My role throughout these films has been varied – producer, actor, craft services, grunt, accounting, location scout, agent, negotiator, finder-outer, insurance liason, etc. While I really enjoy the actual production part of things, I hate producing. I suck at it. I am, by nature, very non-confrontational. I don’t want to fight with anyone. I don’t want anyone to feel bad (least of all me!), I don’t want to step on any toes and I don’t want anyone to not like me. Lame? Yes. Weak? Perhaps. I just want to be more positive than that. I feel that life is too short to be always in a battle with someone.

Producers have lots of battles. I have fought some of them, shirked some of them and cried a lot. It has been uphill to say the least. I’ve grown in ways, become stronger, understood myself more and have a clearer idea of what I am really looking for out of life. My priorities have changed, I have different goals and I don’t feel quite as tied to what I always thought I would. Huh, go figure. I’m growing up.

So, where is this going? This turned out to be not at all what I thought it would be…ah well…I used to be really upset by the fact that I’m not where I thought I would be. But it has recently become very clear to me, as has the fact that I will never again where pants in the “juniors” department simply because “juniors” do not have hips and someone who is 30+ probably does and that’s okay, that it’s okay that I’m not where I thought I would be. I am somewhere that I love, with someone that I love and everything else is working out on its own.

I’ve worked on this film for 2 years and 10 months. I will probably work on it a bit longer. I’m very proud of it, it’s my baby, I’m protective as hell but it’s not THE ONLY THING in my life any more…and that is an amazing feeling.

I’m mostly proud of myself from accomplishing something, finding myself and discovering there’s more to life than what you think there is when you’re 25. I still have a ways to go but I do feel like I’m finding the right path.

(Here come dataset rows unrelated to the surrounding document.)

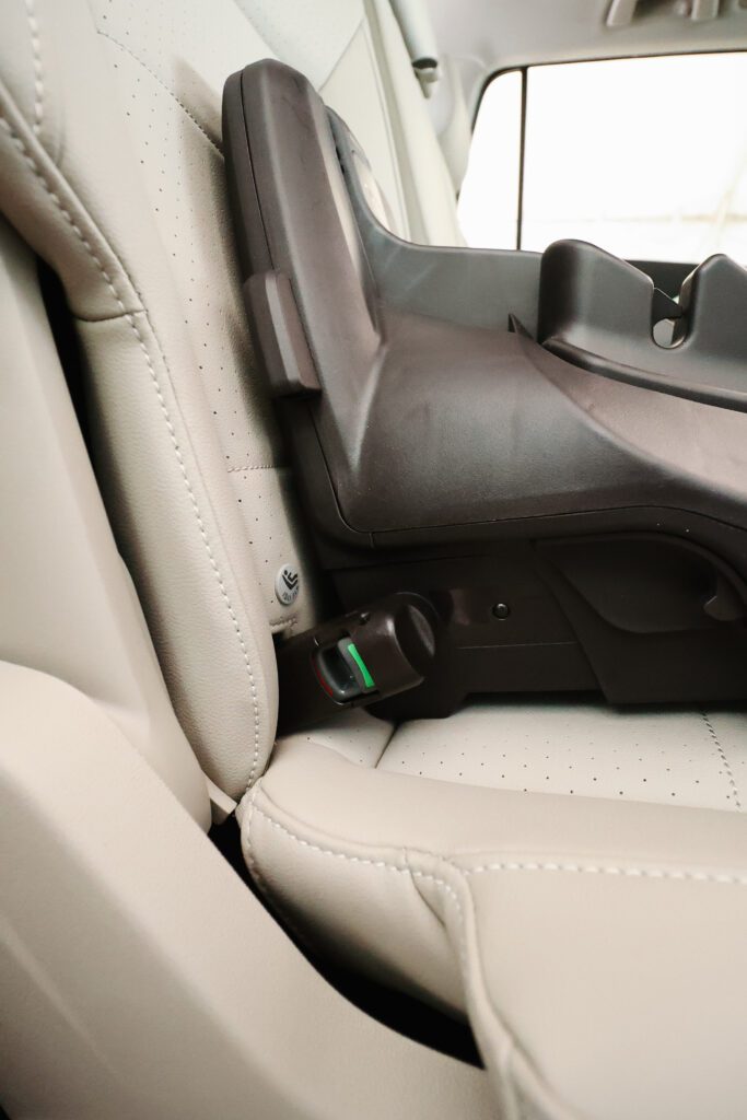 Unlike flexible lower anchors on the end of a strap, these anchors are steel bars that protrude out directly from the steel frame of the car seat and attach to your vehicle’s lower anchor points. This connection style is generally considered a user-friendly install. When done correctly (which is easy to do), it creates an extremely tight connection between the car seat and the vehicle, which is a very good thing in the land of child passenger safety.
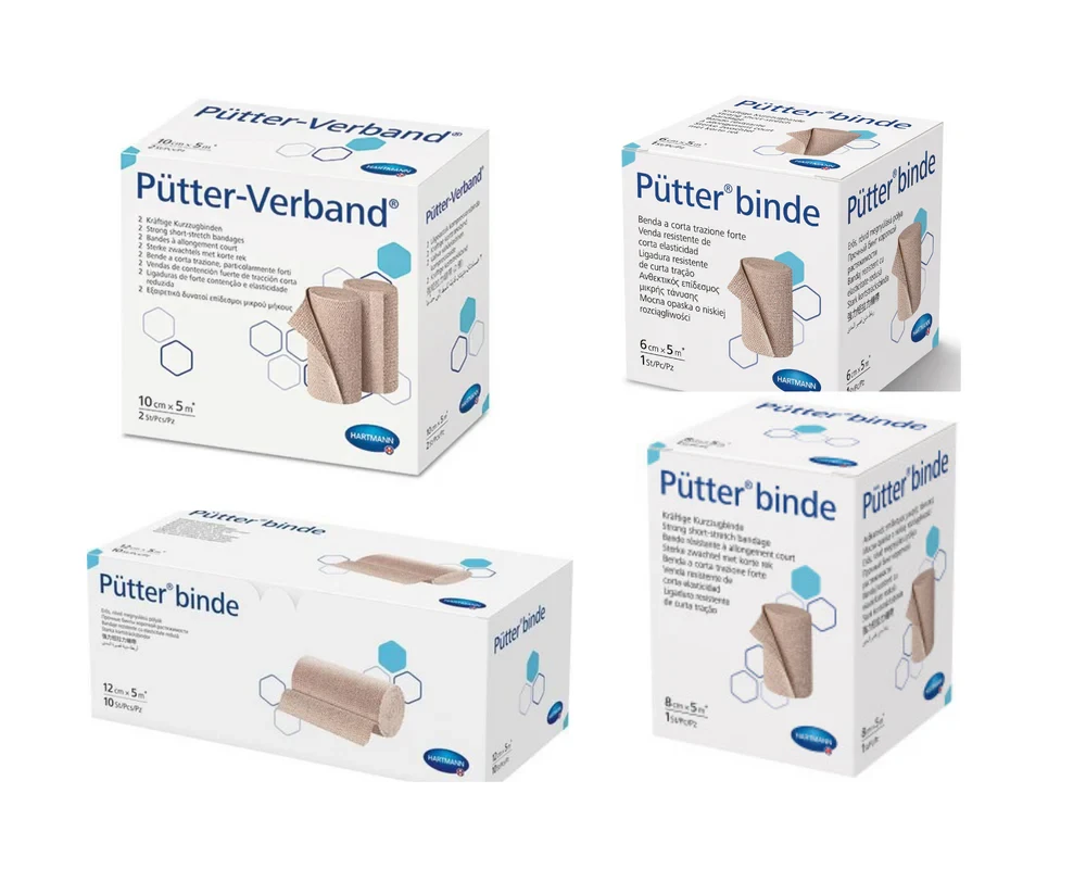 Hartmann Puettebinde is an especially strong, short-stretch bandage with textile elasticity of approx. 90%. Puettebinde is designed for extra high compression; after varicosclerosation, in all acute and chronic venous obstructive oedema, leg ulcers and thrombophlebitis.
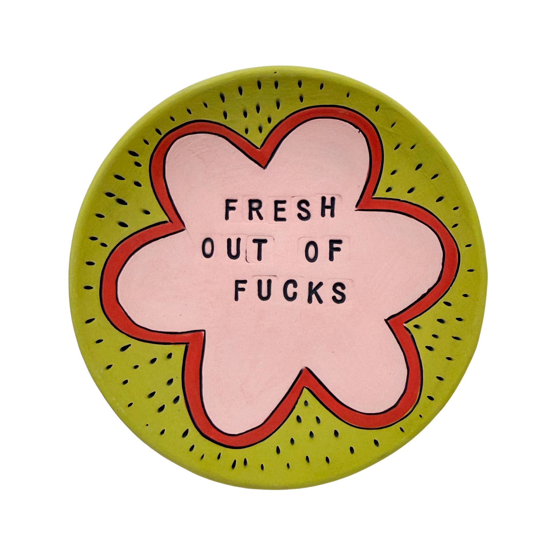 Leslie Jenner's dishes are hand built from earthy terracotta clay, finished with a colorful matte underglaze. Each piece is decorated with unique quotes, sayings, and designs, making every piece one-of-a-kind. These are for decorative purposes only and are not intended for food use. Each piece comes with a hanger on the back for easy wall display. Due to their handmade nature, slight variations in size, color, and shape may occur.

So, 10 hours til the screening. Til I’m judged. Til I have a BIG glass of wine. Whatever happens happens. Perhaps people will love it. Perhaps they’ll hate it (I am guessing a mix of both). Maybe we’ll get into a big festival. Maybe we won’t. Maybe we’ll sell it for $1 million dollars! Maybe we’ll give away copies to our friends for the next 5 Christmases….I don’t know. I do know that it’s time to let the bird fly free and whatever may be will be.

Comments

I'm so excited for you! I'll have all my appendages crossed for you. I know it'll be a huge hit!